Comme la bourse américaine est un peu plus cher, à valorisation environ constante et compte tenue de l’augmentation des taux, la bourse américaine pourrait gagner entre 5% et 10 % en 2014 donc un peu moins paradoxalement que les actions européennes.

A quelle allocation d’actifs ce scénario central vous amène t-il ?
Nous n’avons pas vraiment de fonds équilibré mais ceci dit si nous considérons une allocation centrale sur un fonds 50/50 nous sommes aujourd’hui investis à hauteur de 55% en actions dans l’idée d’un élargissement de cette poche vers 65 %.

Des éléments techniques aujourd’hui témoignent du fait que les actions sont un peu surachetées ?
Ces éléments nous indiquent qu'il y aura probablement des petites phases de volatilité à court terme qui nous permettront de nous renforcer pour nous exposer à deux tiers sur les actions et un tiers sur les taux d’intérêt au cours du premier trimestre.

A quels éléments techniques faites-vous allusion ?
Il n’y a pas eu de correction de plus de 10% des actions américaines depuis environ 600 jours. C’est historiquement très rare.
Le sentiment des investisseurs est très positif. Par expérience lorsque l’on atteint un niveau de confiance aussi extrême, s’ensuit des phases de correction.

La probabilité que l’on entre dans un vrai « bear market » avec une baisse supérieure à 25 % nous semble extrêmement faible. Les phases de correction devraient conduire à un repli de 5% et 10 %.

Qu’en est-il de votre allocation géographique et sectorielle ?
Aujourd’hui nous préférons les actions européennes aux actions américaines.
Nous aimons la Chine car nous pensons qu’il y a un énorme potentiel de hausse sur les actions chinoises dans la mesure où le gouvernement met en oeuvre des reformes extrêmement importantes depuis 1 ans, qui ne sont pas encore prises en compte par le marché.
Les actions chinoises n’ont, de plus, rien fait depuis 3-4 ans et sont aujourd’hui sous valorisées.

Nous ne souscrivons pas tellement à l’idée qu’il ne faut pas être positionné sur les actifs émergents.

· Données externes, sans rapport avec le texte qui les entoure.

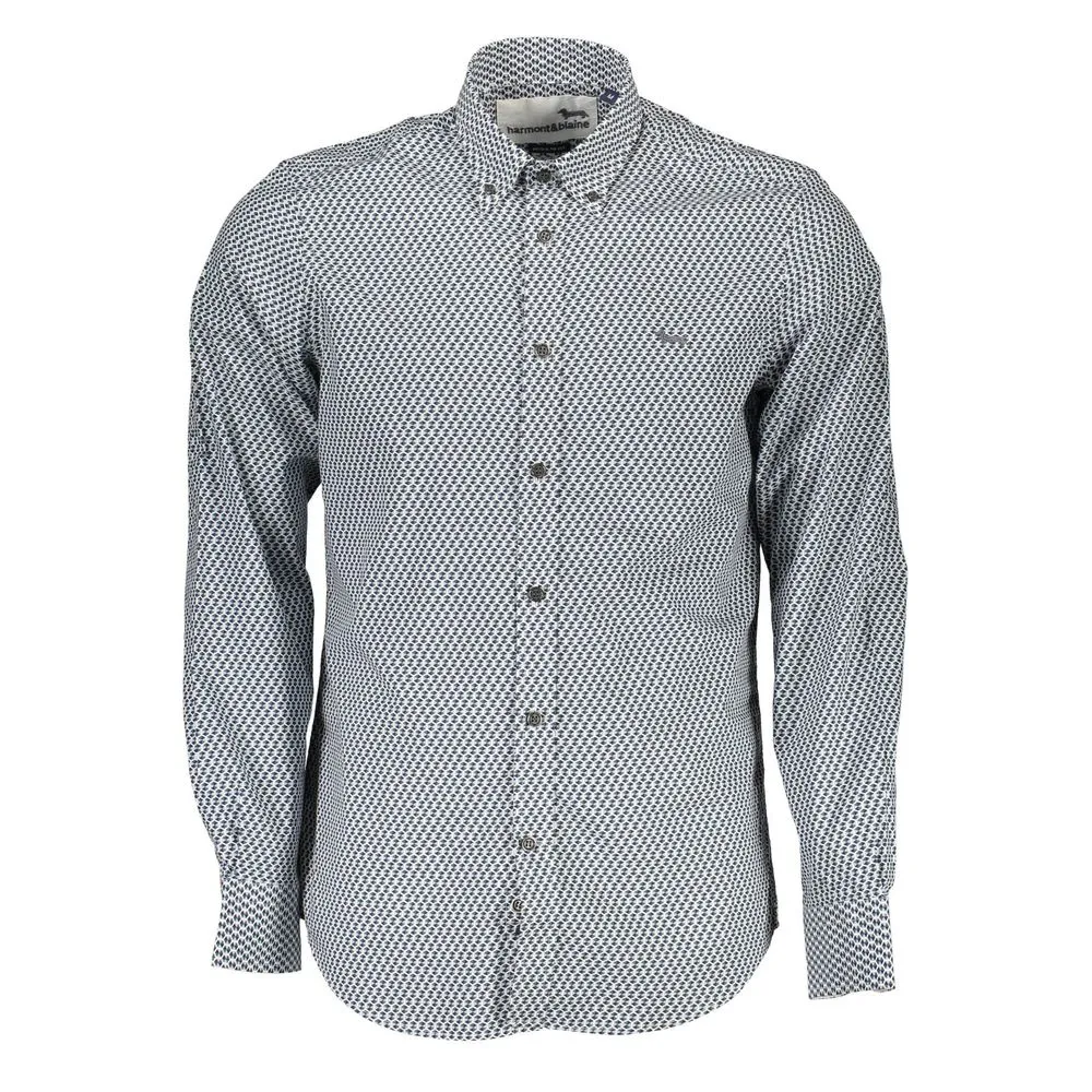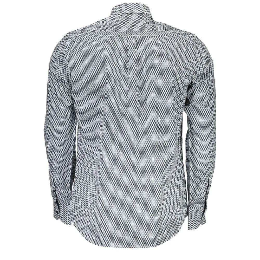 Blue cotton shirt Regular fit Long sleeves Button-down collar 1 button cuffs Contrasting cuffs inside Logo buttons Designed for men Material: 100% Cotton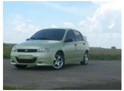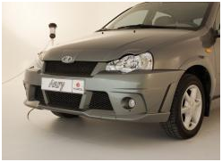 Передний бампер Софи на ВАЗ 1118 Калина. Имеет небольшое занижение клиренса на 2 см.

Nous pensons que la croissance plutôt positive dans le monde occidental devrait avoir un impact sur le monde émergent. En outre l'écart de valorisation entre actions émergentes et actions développées est significatif. L’écart entre la performance des actions émergentes et américaines est de 35%, ce qui est énorme.

Il y a cinq ans, les actions américaines et les actions émergentes étaient valorisées a peu près similaires. Les PE étaient environ à 10. La bourse américaine est revenue à son PE historique de long terme autour de 15, ce qui n’a pas été le cas des actifs émergents.
L'Europe de l'est devrait particulièrement tirer avantage du retour de la dynamique dans la zone euro.

Quels sont les principaux risques que vous identifiez et qui pourraient remettre en cause cette allocation ?

Nous accorderions deux chances sur trois à la concrétisation de notre scénario central.

Parmi les risques identifiés, nous trouvons un risque de déflation. Nous avons été quelque peu surpris en 2013 par la faiblesse des taux d’inflation. L’inflation dans la zone euro est inférieure à 1%. Aux Etat Unis le dernier chiffre était de 1.2%. On a donc un risque de déflation à la japonaise plus important en Europe qu’aux Etats-Unis.
Nous pouvons aussi évoquer un risque d’erreur politique. Aux Etats-Unis, Janet Yellen pourrait se tromper dans sa communication et faire déraper les marchés.
Dans la zone euro, il peut également avoir un risque au moment des élections européennes si jamais il y a un rejet vraiment massif des politiques menées dans les grands pays qui va jusqu'à remettre en cause l’existence de la zone euro.

Quelle serait la répartition actions euros actions USA ?

Il y a 50% des actions européennes et 50 % actions internationales dont 30% USA ,10% Japon et 10% émergent.